Task objective
Output every entry below word for word, without its pictures.

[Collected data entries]
========================================
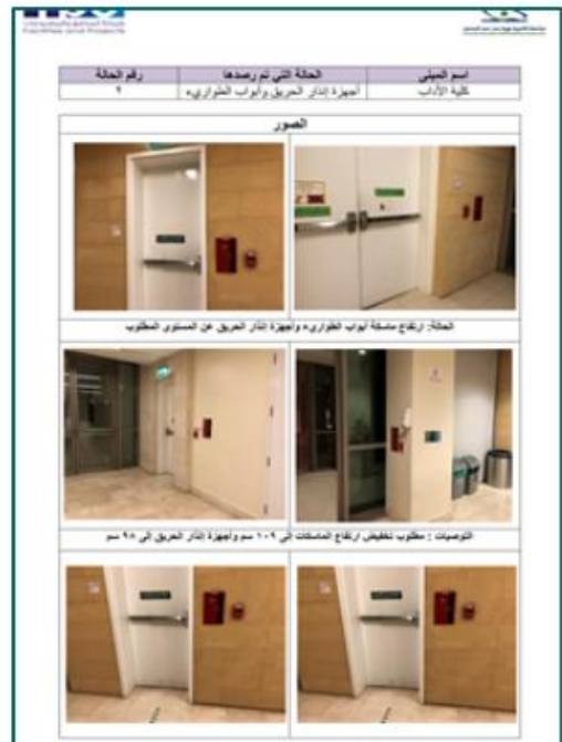
Facilities and projects
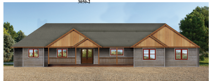
This home is designed to have the garage, two bedrooms and study built by Wardcraft and delivered to your job site, eliminating the need to build your garage on-site.

This home's foyer leads into the expansive living room with fireplace. The dining room, with a 9' patio door, is open to the kitchen and living room featuring post and beam detail between the living and dining rooms. The gourmet kitchen includes an oversized island. The master suite features a large walk-in closet, double sink vanity, whirlpool bath and 5' shower with dual showerheads. Two additional bedrooms with walk-in closets, an office and study complete this home.
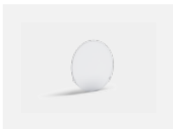
00-01100 Satinice diffuser
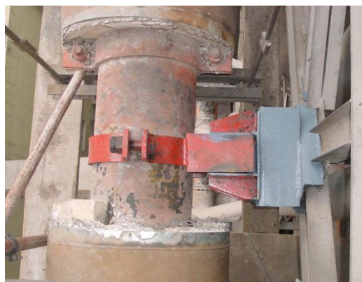
Fig.2. Site installation drawing of No. 10 support and hanger limit.

The effect pictures of the pipe section of No.10 support hanger and No.22 support hanger in the Z direction (pipeline axial direction) after installation are shown in Figure 2 and Figure 3. The effect pictures of the pipe section of No.7 support hanger and the axial damper section of No.19 support hanger are shown in Figure 4 and Figure 5.
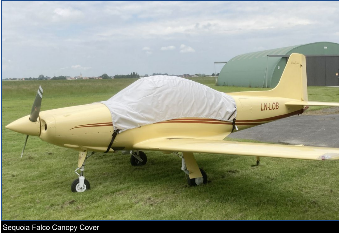
Sequoia Falco Canopy Cover
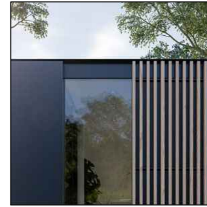
MATTE BLACK ALUMINIUM CLADDING AND GLAZING FRAMES
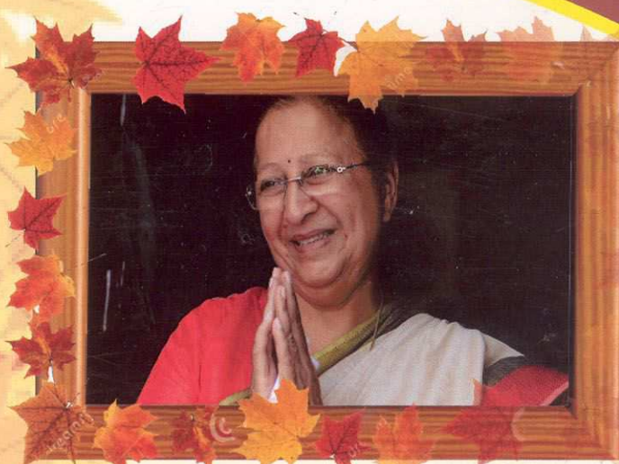
Ms. Sumitra Mahajan
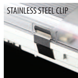
STAINLESS STEEL CLIP
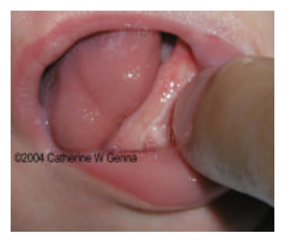
Bunched tongue tie
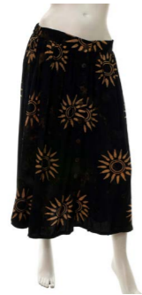
BA8034 Button Skirt £12.50
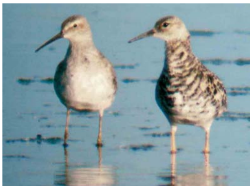
309 Steltstrandloper / Stilt Sandpiper Calidris himantopus , met Kempphaan / Ruff Philomachus pugnax , Ezumakeeg, Friesland, 16 mei 2004 (Bart-Jan Prak)
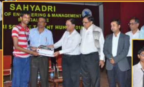
Second Place - Govindas PU College Mangaluru
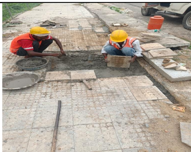
Damaged Tiles replacing in progress
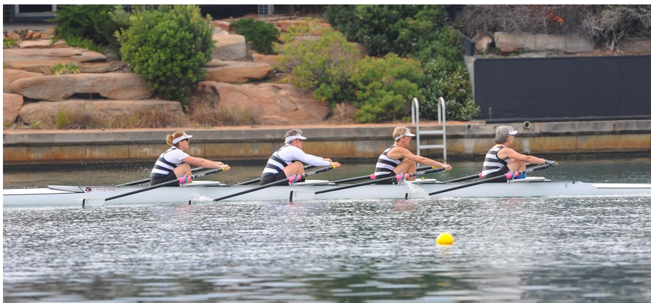
Port Adelaide Masters Women's 4x (2016)
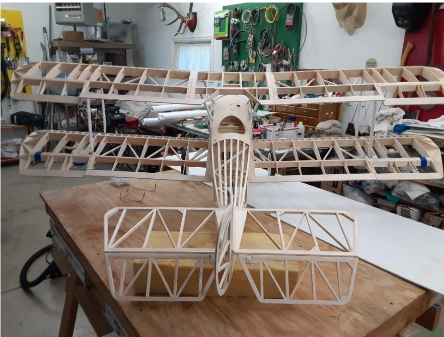
Figure 6 Framing complete
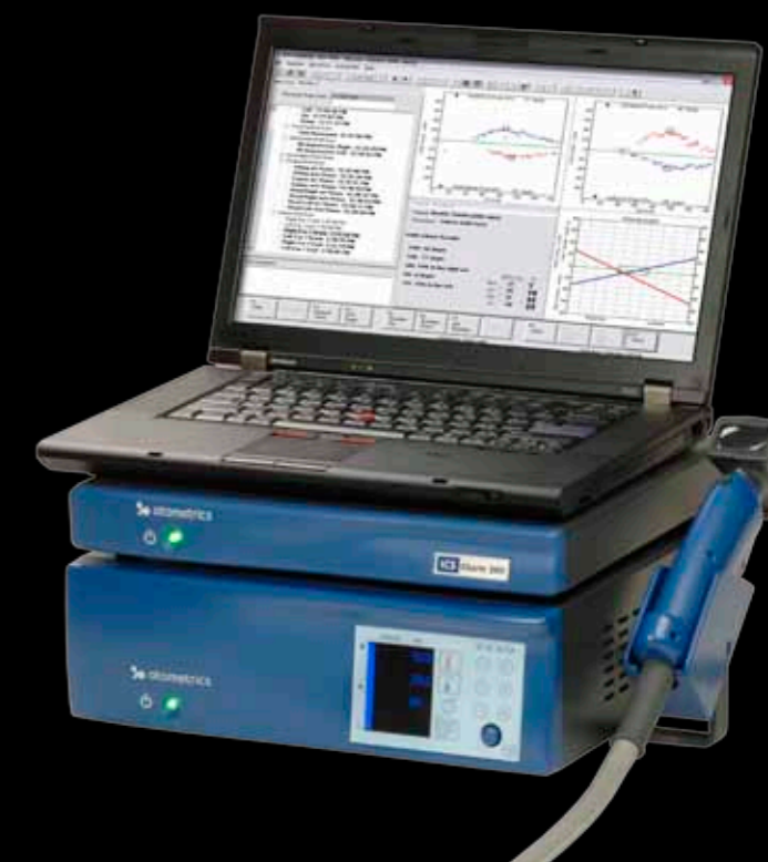
Small footprint - ICS AirCal stacked with Otometrics' VNG/ENG solution

Irrigation with the ICS AirCal provides a modern choice for gold standard caloric irrigation. It combines the convenience and patient comfort of air, with the precision of water irrigation enabling you to do caloric testing with confidence. With no water to catch, the entire irrigation process is easier for the clinician and more pleasant for the patient.
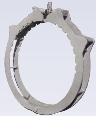
G Line-up clamp
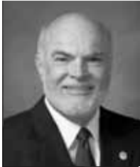
THE HONORABLE ROBERT NICHOLS

Will relying on the gas tax free Texans from traffic congestion? During a time when voter opposition to the growth of government is increasing, congestion also increases, and there remain calls to raise taxes to build more roads and rail. This panel will look at the growth of government spending, the lack or prioritizing transportation, and options available to address the problem.
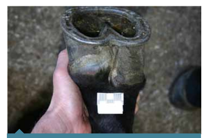
FIG 4. THE MEDIAL HEEL BULB WAS DISPLACED UPWARDS
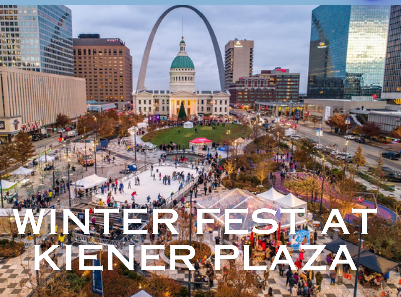
WINTER FEST AT KIENER PLAZA
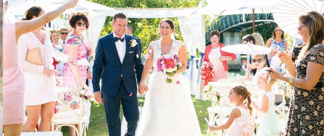
Life and Love Photography
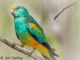
Mulga Parrot
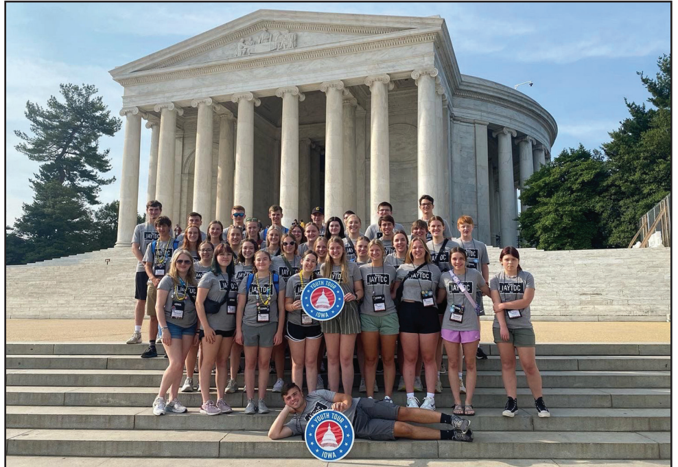
The 2023 Iowa Youth Tour group visited the Jefferson Memorial among the many sites they saw while in Washington, D.C.

All 2024 Youth Tour applications are due by March 15, 2024.
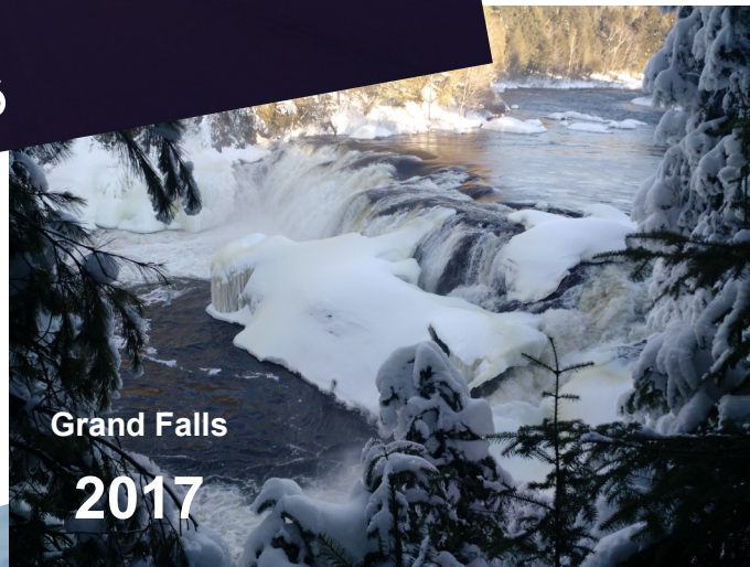
Grand Falls 2017
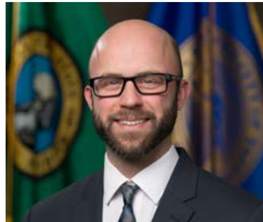
Chris Beale Tacoma City Council – District 5
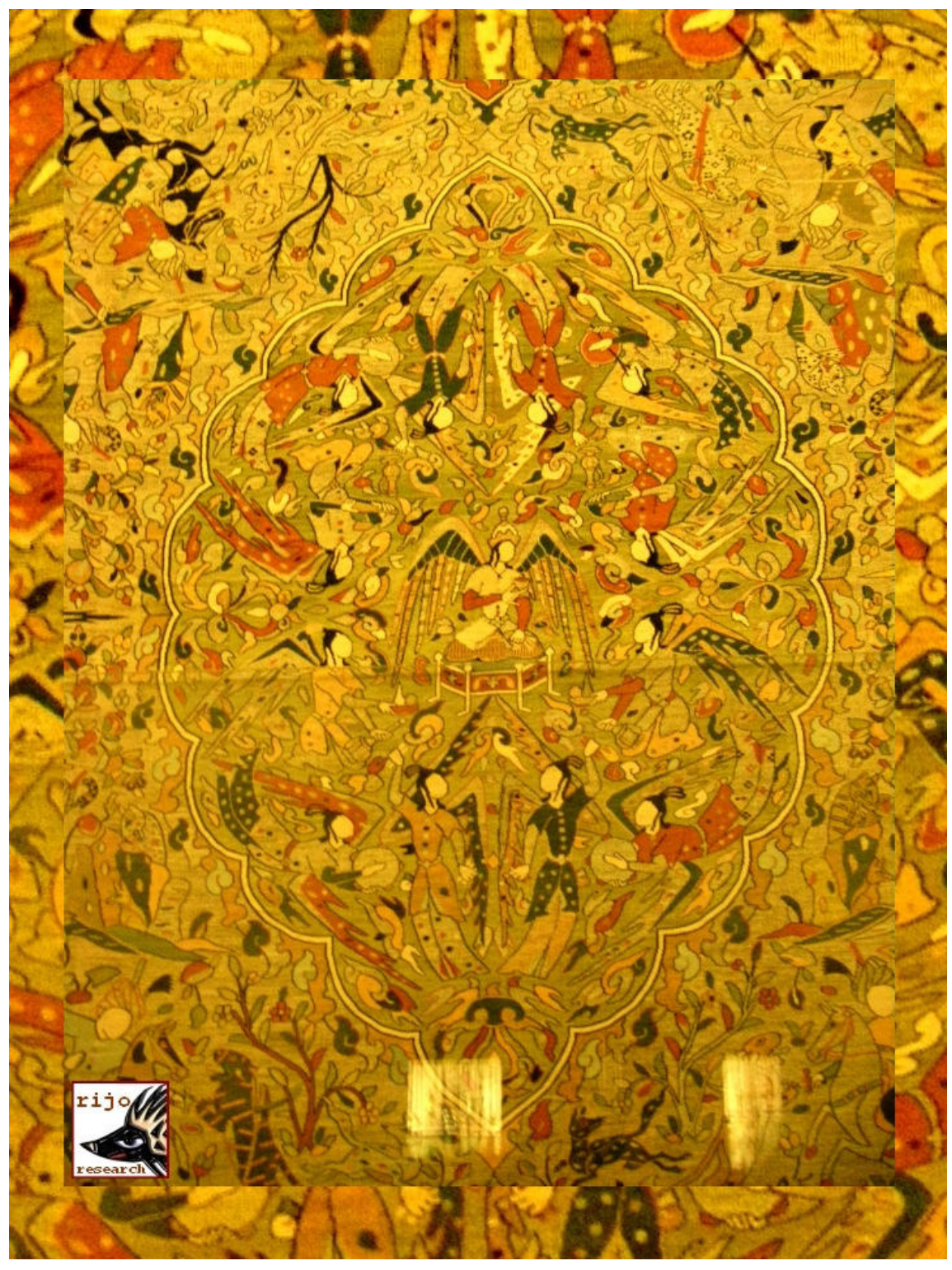
So called Polish Carpet , actually a Persian rug from the 17^{\rm th} century in the former Royal Palace
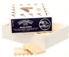
9mm Balsa / 200 Count

Savinelli's balsa filters provide a drier smoke by the simplest of means: absorbing moisture and condensation, along with impurities, from the smoke-stream. While many more complicated systems have come and gone, Savinelli's remains, and remains popular, being both effective and very inexpensive.
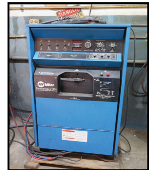
Miller Syncrowave 351 CC-AC/DC Arc Welding Power Source s/n KF893016.

ALL MACHINERY MOVERS MUST BE APPROVED BY THE SELLER PRIOR TO REMOVAL OF EQUIPMENT
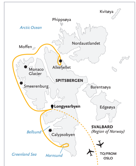
INTRODUCTION TO SPITSBERGEN: Fjords, Glaciers and Wildlife of Svalbard Onboard the Ultramarine ——— Flights to/from Oslo - - - -

Each expedition presents new opportunities and different weather and ice, so there is no fixed itinerary; however, some of the places we may visit include the 14th of July Glacier, Smeerenburg, Alkefjellet and the Hinlopen Strait. The destinations visited will be selected for optimum wildlife viewing with an appreciation of the history and geology of Spitsbergen.
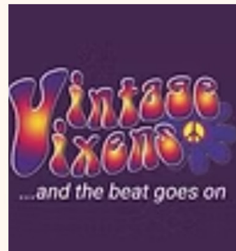
Vintage Vixens March 22

373 N. Church St. Winterville, GA 30683 marigoldauditorium.com
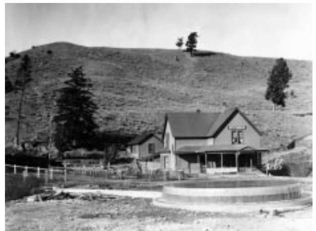
Fountain and Specimen House, Mammoth Hot Springs. ca. 1900.
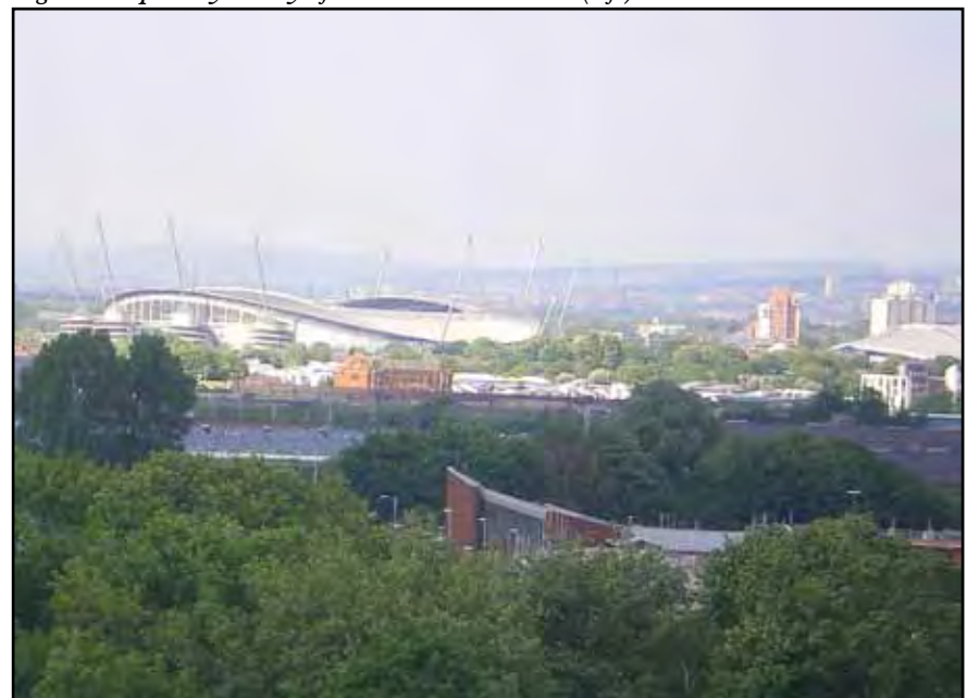
Figure 3: Sportcity – City of Manchester Stadium (left)

related facilities will include leisure, retail and hotel uses, and future potential for other commercial uses. It also includes a district centre
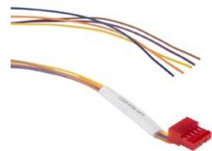
CUI-435-1FT CUI-435-10FT CUI-435-20FT
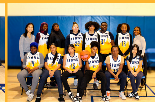
Middle School Girls Basketball
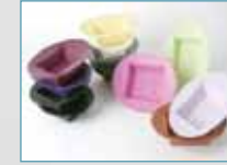
Oval Designer Bowls
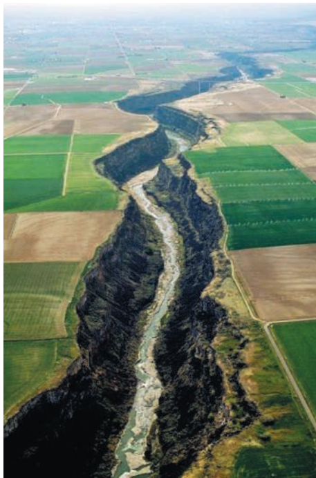
The Snake River near Twin Falls, Idaho, cutting through the plain. Divisions like those Jesus announced can run deep.

The coming judgment forces us to look at the implications of our commitments. As Jesus warned in last Sunday's Gospel, a commitment of faith requires us to change our attitude toward material possessions and to take even more seriously our moral responsibilities. Here he reminds the crowd that those who commit to him will find it affects the way they relate to friends and family members. The angel who an-
========================================
Result below
Facilities and projects
This home is designed to have the garage, two bedrooms and study built by Wardcraft and delivered to your job site, eliminating the need to build your garage on-site.

This home's foyer leads into the expansive living room with fireplace. The dining room, with a 9' patio door, is open to the kitchen and living room featuring post and beam detail between the living and dining rooms. The gourmet kitchen includes an oversized island. The master suite features a large walk-in closet, double sink vanity, whirlpool bath and 5' shower with dual showerheads. Two additional bedrooms with walk-in closets, an office and study complete this home.
00-01100 Satinice diffuser
Fig.2. Site installation drawing of No. 10 support and hanger limit.

The effect pictures of the pipe section of No.10 support hanger and No.22 support hanger in the Z direction (pipeline axial direction) after installation are shown in Figure 2 and Figure 3. The effect pictures of the pipe section of No.7 support hanger and the axial damper section of No.19 support hanger are shown in Figure 4 and Figure 5.
Sequoia Falco Canopy Cover
MATTE BLACK ALUMINIUM CLADDING AND GLAZING FRAMES
Ms. Sumitra Mahajan
STAINLESS STEEL CLIP
Bunched tongue tie
BA8034 Button Skirt £12.50
309 Steltstrandloper / Stilt Sandpiper Calidris himantopus , met Kempphaan / Ruff Philomachus pugnax , Ezumakeeg, Friesland, 16 mei 2004 (Bart-Jan Prak)
Second Place - Govindas PU College Mangaluru
Damaged Tiles replacing in progress
Port Adelaide Masters Women's 4x (2016)
Figure 6 Framing complete
Small footprint - ICS AirCal stacked with Otometrics' VNG/ENG solution

Irrigation with the ICS AirCal provides a modern choice for gold standard caloric irrigation. It combines the convenience and patient comfort of air, with the precision of water irrigation enabling you to do caloric testing with confidence. With no water to catch, the entire irrigation process is easier for the clinician and more pleasant for the patient.
G Line-up clamp
THE HONORABLE ROBERT NICHOLS

Will relying on the gas tax free Texans from traffic congestion? During a time when voter opposition to the growth of government is increasing, congestion also increases, and there remain calls to raise taxes to build more roads and rail. This panel will look at the growth of government spending, the lack or prioritizing transportation, and options available to address the problem.
FIG 4. THE MEDIAL HEEL BULB WAS DISPLACED UPWARDS
WINTER FEST AT KIENER PLAZA
Life and Love Photography
Mulga Parrot
The 2023 Iowa Youth Tour group visited the Jefferson Memorial among the many sites they saw while in Washington, D.C.

All 2024 Youth Tour applications are due by March 15, 2024.
Grand Falls 2017
Chris Beale Tacoma City Council – District 5
So called Polish Carpet , actually a Persian rug from the 17^{\rm th} century in the former Royal Palace
9mm Balsa / 200 Count

Savinelli's balsa filters provide a drier smoke by the simplest of means: absorbing moisture and condensation, along with impurities, from the smoke-stream. While many more complicated systems have come and gone, Savinelli's remains, and remains popular, being both effective and very inexpensive.
Miller Syncrowave 351 CC-AC/DC Arc Welding Power Source s/n KF893016.

ALL MACHINERY MOVERS MUST BE APPROVED BY THE SELLER PRIOR TO REMOVAL OF EQUIPMENT
INTRODUCTION TO SPITSBERGEN: Fjords, Glaciers and Wildlife of Svalbard Onboard the Ultramarine ——— Flights to/from Oslo - - - -

Each expedition presents new opportunities and different weather and ice, so there is no fixed itinerary; however, some of the places we may visit include the 14th of July Glacier, Smeerenburg, Alkefjellet and the Hinlopen Strait. The destinations visited will be selected for optimum wildlife viewing with an appreciation of the history and geology of Spitsbergen.
Vintage Vixens March 22

373 N. Church St. Winterville, GA 30683 marigoldauditorium.com
Fountain and Specimen House, Mammoth Hot Springs. ca. 1900.
Figure 3: Sportcity – City of Manchester Stadium (left)

related facilities will include leisure, retail and hotel uses, and future potential for other commercial uses. It also includes a district centre
CUI-435-1FT CUI-435-10FT CUI-435-20FT
Middle School Girls Basketball
Oval Designer Bowls
The Snake River near Twin Falls, Idaho, cutting through the plain. Divisions like those Jesus announced can run deep.

The coming judgment forces us to look at the implications of our commitments. As Jesus warned in last Sunday's Gospel, a commitment of faith requires us to change our attitude toward material possessions and to take even more seriously our moral responsibilities. Here he reminds the crowd that those who commit to him will find it affects the way they relate to friends and family members. The angel who an-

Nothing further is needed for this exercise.